• Records supplied:
§ §
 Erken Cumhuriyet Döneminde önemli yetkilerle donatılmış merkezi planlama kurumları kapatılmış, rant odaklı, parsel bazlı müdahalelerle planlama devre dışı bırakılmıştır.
§ §
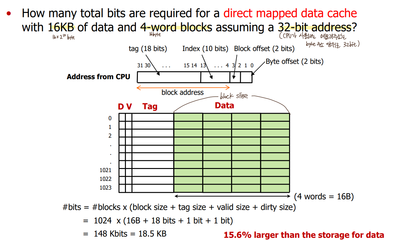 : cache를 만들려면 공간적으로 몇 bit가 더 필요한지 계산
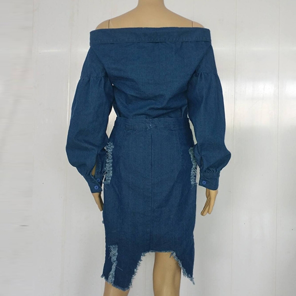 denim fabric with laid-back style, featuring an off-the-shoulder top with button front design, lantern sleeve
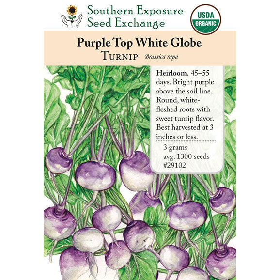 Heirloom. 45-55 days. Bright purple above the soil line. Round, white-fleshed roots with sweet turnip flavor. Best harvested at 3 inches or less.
§ §
Within the listing above, the lines starting at the one containing "bit가 더 필요한지 계산" and ending at the one containing "Heirloom. 45-55 days." are to be returned exactly. Omit the pictures.

• Response for this exercise:
 : cache를 만들려면 공간적으로 몇 bit가 더 필요한지 계산
 denim fabric with laid-back style, featuring an off-the-shoulder top with button front design, lantern sleeve
 Heirloom. 45-55 days. Bright purple above the soil line. Round, white-fleshed roots with sweet turnip flavor. Best harvested at 3 inches or less.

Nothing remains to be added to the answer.